O levantamento, feito pelo Instituto Brasileiro de Economia (Ibre) da Fundação Getúlio Vargas (FGV), coloca as/os Assistentes Sociais entre as/os profissionais com menor remuneração, com média salarial de R$ 3.078,00 – um recuo de 7% em relação ao período de 2012. Mas o que isso significa? Por que a remuneração está entre as piores? E de que forma é possível atuar para reverter essa condição?

Como bem argumenta a presidenta do CFESS, Kelly Melatti, o resultado dessa pesquisa possibilita diversas reflexões. E a primeira passa pela origem da profissão de Serviço Social, que está associada à caridade e à ajuda, isso antes dela se tornar regulamentada. “Na década de 1930, a imagem da profissão era associada à caridade. Quase um século depois, uma parcela da sociedade ainda enxerga as assistentes sociais como pessoas que ‘ajudam ao próximo’, o que acaba por desvalorizar uma profissão que é regulamentada”, explica Melatti.

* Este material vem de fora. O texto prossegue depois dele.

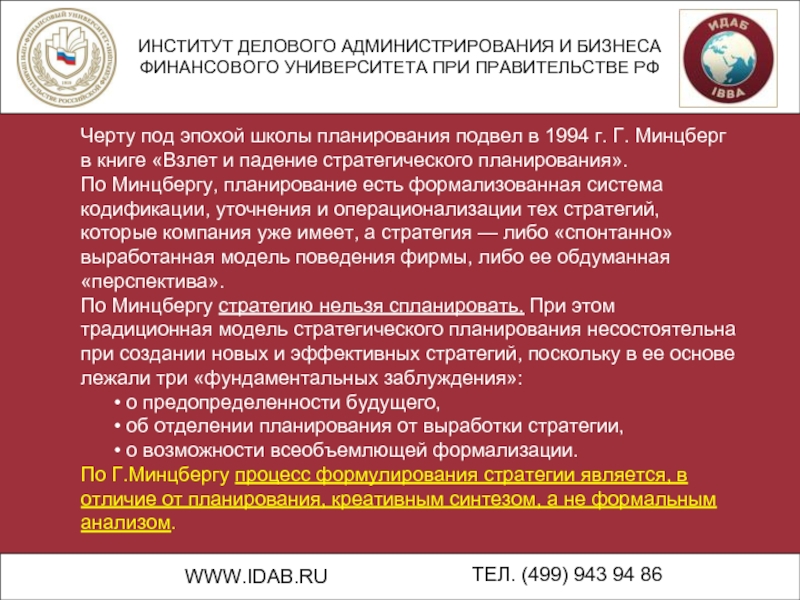 Черту под эпохой школы планирования подвел в 1994 г. Г. Минцберг в книге «Взлет и падение стратегического планирования».

É o que também destaca a agente fiscal do CRESS-ES, Sislene Pereira Gomes, ao argumentar sobre a divisão sexual do trabalho, e que estabelece às mulheres a função social do cuidar. “Uma função que sabemos ser desvalorizada, não reconhecida na sociedade capitalista-patriarcal em que vivemos. As ditas profissões feminizadas (predominantemente ocupadas por mulheres) numa sociedade patriarcal, são vistas com um caráter ‘missionário’, altruísta, em detrimento do reconhecimento do trabalho técnico, especializado”, argumenta Gomes.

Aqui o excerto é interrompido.